Dataset extract:
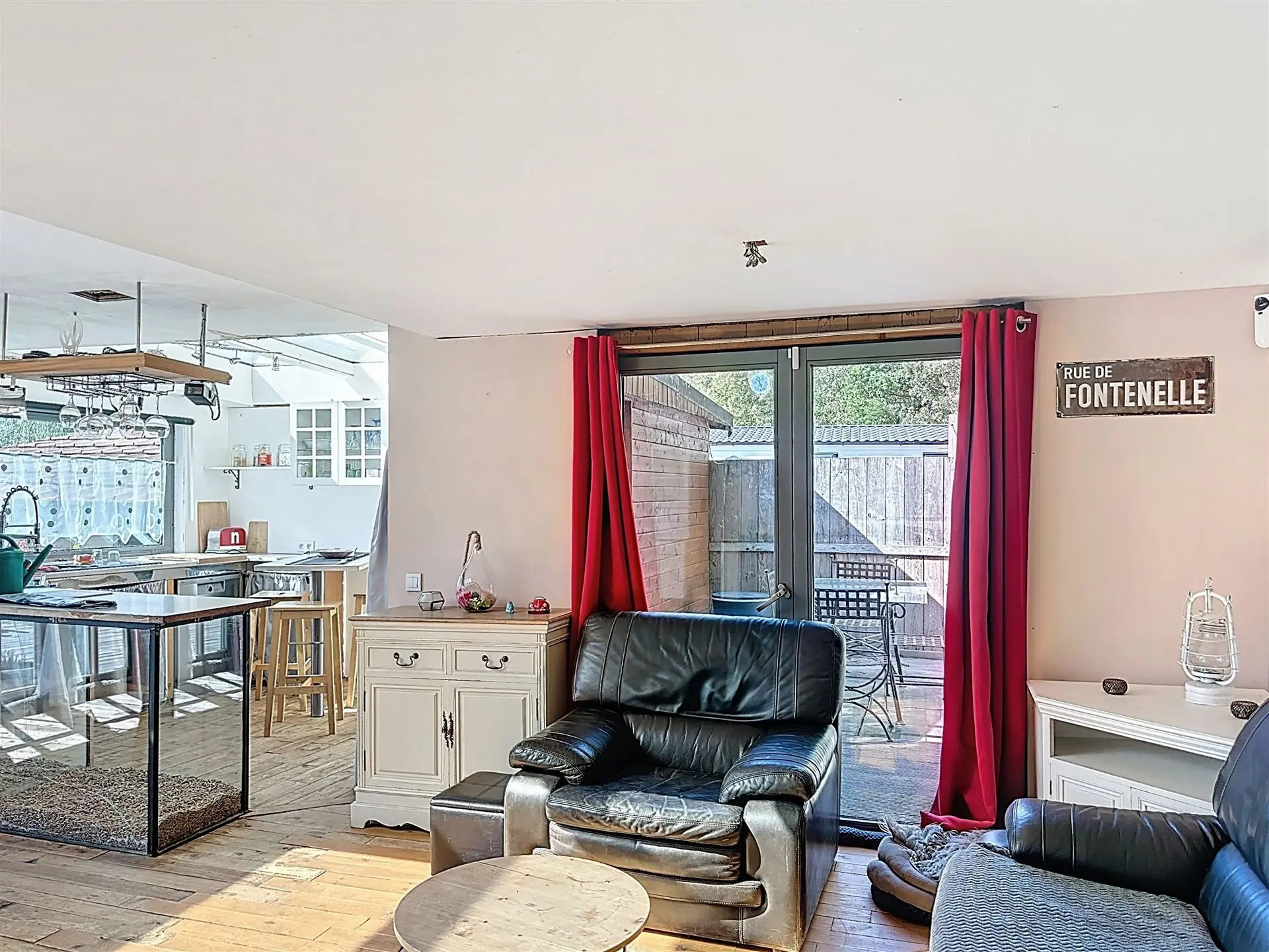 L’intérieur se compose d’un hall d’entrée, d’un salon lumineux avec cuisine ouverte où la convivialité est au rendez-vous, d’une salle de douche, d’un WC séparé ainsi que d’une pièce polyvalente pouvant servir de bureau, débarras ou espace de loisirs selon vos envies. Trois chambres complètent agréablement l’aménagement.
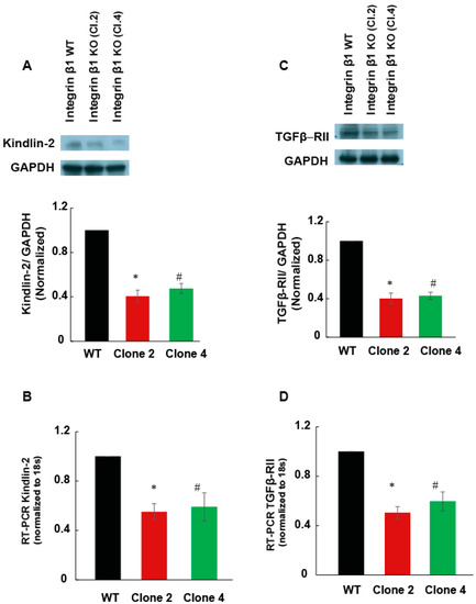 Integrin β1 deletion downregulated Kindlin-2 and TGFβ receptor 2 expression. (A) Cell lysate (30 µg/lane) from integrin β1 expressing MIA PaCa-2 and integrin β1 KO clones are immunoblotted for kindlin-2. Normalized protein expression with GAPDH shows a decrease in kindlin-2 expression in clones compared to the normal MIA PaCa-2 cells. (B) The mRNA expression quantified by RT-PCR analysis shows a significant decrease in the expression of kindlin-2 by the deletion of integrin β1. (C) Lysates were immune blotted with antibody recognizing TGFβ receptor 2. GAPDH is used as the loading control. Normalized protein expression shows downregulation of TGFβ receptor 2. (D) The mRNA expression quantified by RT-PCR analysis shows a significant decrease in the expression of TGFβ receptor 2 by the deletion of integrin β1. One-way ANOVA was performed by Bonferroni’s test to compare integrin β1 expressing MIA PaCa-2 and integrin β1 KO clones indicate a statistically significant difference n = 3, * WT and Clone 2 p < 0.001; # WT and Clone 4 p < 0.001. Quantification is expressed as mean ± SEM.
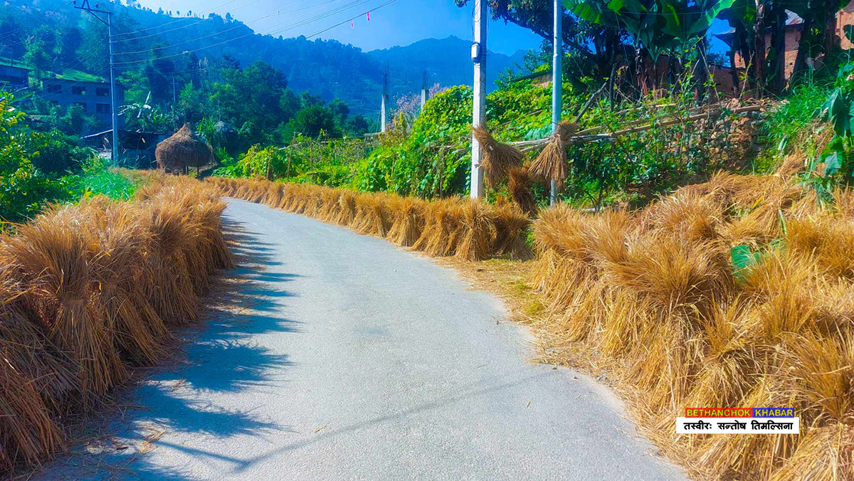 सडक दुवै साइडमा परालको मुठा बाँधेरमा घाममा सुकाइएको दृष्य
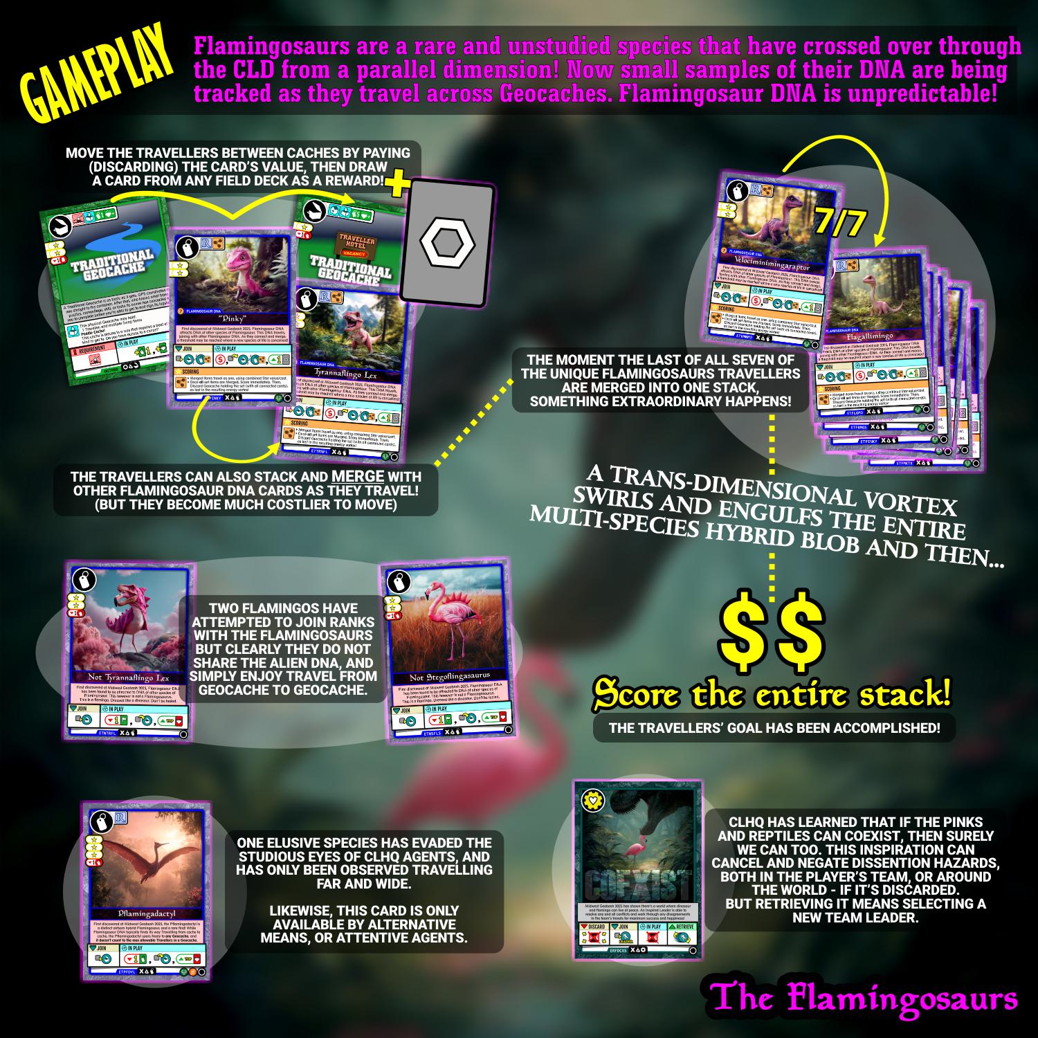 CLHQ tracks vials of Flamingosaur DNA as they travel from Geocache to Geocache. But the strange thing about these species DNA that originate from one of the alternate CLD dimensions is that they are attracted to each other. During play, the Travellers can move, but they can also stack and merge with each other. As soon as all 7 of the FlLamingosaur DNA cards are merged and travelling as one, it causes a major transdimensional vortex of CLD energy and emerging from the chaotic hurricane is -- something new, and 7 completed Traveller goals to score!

Your assignment:
Write out the line that contains "सडक दुवै साइडमा" and every line after it to the end of the data, exactly as they stand. Omit the pictures.

Result:
 सडक दुवै साइडमा परालको मुठा बाँधेरमा घाममा सुकाइएको दृष्य
 CLHQ tracks vials of Flamingosaur DNA as they travel from Geocache to Geocache. But the strange thing about these species DNA that originate from one of the alternate CLD dimensions is that they are attracted to each other. During play, the Travellers can move, but they can also stack and merge with each other. As soon as all 7 of the FlLamingosaur DNA cards are merged and travelling as one, it causes a major transdimensional vortex of CLD energy and emerging from the chaotic hurricane is -- something new, and 7 completed Traveller goals to score!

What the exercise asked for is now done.